“啊……轻…轻点…”
钟神秀被揉捏得浑身发软,体内粗粝的肉棒开始凶猛地抽插起来,每一次都结结实实地撞击在花心深处!
强烈的快感混合着更强烈的屈辱,如同海啸般冲击着她的神经。
她只能被动地承受着,纤细的腰肢随着撞击无助地摇曳,雪臀被撞得啪啪作响,发出粘腻的撞击声。
早已被长时间调教和刚才口爆刺激得敏感万分的身体,仅仅被抽插了数十下,就再次被推上了崩溃的悬崖!
“噢噢噢!去了!母狗…要去了啊——!熊爷!”
钟神秀猛地仰起头,优美的脖颈绷紧拉直,发出一声高亢尖锐、带着哭腔的绝顶媚呼!
身体剧烈地反弓抽搐,花径内部媚肉疯狂地痉挛绞紧,如同无数张小嘴死死咬住入侵的肉棒,大量温热粘稠的蜜液如同失禁般从两人紧密结合处激涌而出!
她的眼神彻底涣散,只剩下纯粹的快感黑洞。
熊安杰感受着那极致紧缩的吸吮快感,低吼一声,再次将滚烫的精华狠狠灌注入她痉挛的花房深处!
高潮的余韵中,钟神秀瘫软如泥地趴在地上,大口喘息着,浑身沾满了各种液体,狼狈不堪,却又散发出一种被彻底征服后的颓靡艳光。
熊安杰心满意足地抽出依旧半硬的肉棒,带出大股混浊的液体。
他从西装口袋里摸索了一下,掏出一个东西——一个闪烁着冷硬金属光泽的黑色皮质项圈,项圈正前方,镶嵌着一个冰冷的金属环扣。

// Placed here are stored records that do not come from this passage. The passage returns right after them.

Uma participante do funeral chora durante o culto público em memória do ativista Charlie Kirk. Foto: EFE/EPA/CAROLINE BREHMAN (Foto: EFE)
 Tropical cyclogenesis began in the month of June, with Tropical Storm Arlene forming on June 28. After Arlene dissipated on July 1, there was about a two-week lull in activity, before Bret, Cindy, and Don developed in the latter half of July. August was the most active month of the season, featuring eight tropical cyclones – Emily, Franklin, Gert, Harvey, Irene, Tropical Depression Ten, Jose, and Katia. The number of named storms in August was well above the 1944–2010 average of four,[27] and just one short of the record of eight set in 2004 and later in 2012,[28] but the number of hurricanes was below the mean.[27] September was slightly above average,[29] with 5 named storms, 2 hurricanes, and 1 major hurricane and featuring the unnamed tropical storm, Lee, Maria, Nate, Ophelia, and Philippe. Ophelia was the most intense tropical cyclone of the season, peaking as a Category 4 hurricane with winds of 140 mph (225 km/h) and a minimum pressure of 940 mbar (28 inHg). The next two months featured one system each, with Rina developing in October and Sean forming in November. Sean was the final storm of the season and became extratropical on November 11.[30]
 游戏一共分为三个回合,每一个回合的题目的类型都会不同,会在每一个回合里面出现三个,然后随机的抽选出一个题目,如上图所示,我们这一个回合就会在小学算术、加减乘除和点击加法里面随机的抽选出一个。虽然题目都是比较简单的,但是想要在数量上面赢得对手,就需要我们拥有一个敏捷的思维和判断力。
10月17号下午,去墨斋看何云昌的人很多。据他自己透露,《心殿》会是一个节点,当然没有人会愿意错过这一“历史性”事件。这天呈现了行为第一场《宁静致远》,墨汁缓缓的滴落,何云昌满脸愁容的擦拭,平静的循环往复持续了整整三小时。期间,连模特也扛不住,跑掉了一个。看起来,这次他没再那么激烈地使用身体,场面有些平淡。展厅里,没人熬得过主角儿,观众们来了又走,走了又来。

“啪嗒”一声,那个代表着彻底奴役的狗圈,被丢在了钟神秀汗湿的脸颊旁。
“带上它。”
熊安杰的声音恢复了冰冷,解开了她背后的绳子冷笑道,“从今天起,你就是我熊安杰专属的、盖章认证的母狗了!用你的嘴,叼起来,自己带上!”
钟神秀的身体剧烈地颤抖了一下。
她失神的凤眸,定定地看着眼前那个冰冷的黑色项圈。
最后一丝残存的本能在尖叫着抗拒。
带上它?
意味着什么?
意味着她将彻底与过去那个骄傲的钟神秀告别,意味着她身体的每一寸都将打上主人“熊安杰”的烙印,意味着她将永远成为这个男人脚下的一条狗……
时间一分一秒地流逝。
熊安杰抱着胳膊,好整以暇地看着,眼神如同看着掉入陷阱、做最后徒劳挣扎的猎物。
他很有耐心,享受着她内心的煎熬。
终于,在令人窒息的沉默中,钟神秀缓缓地、艰难地动了。
她屈辱地低下头,张开被精液和泪水糊满的红唇,用牙齿,颤抖地咬住了那个冰冷的皮质项圈。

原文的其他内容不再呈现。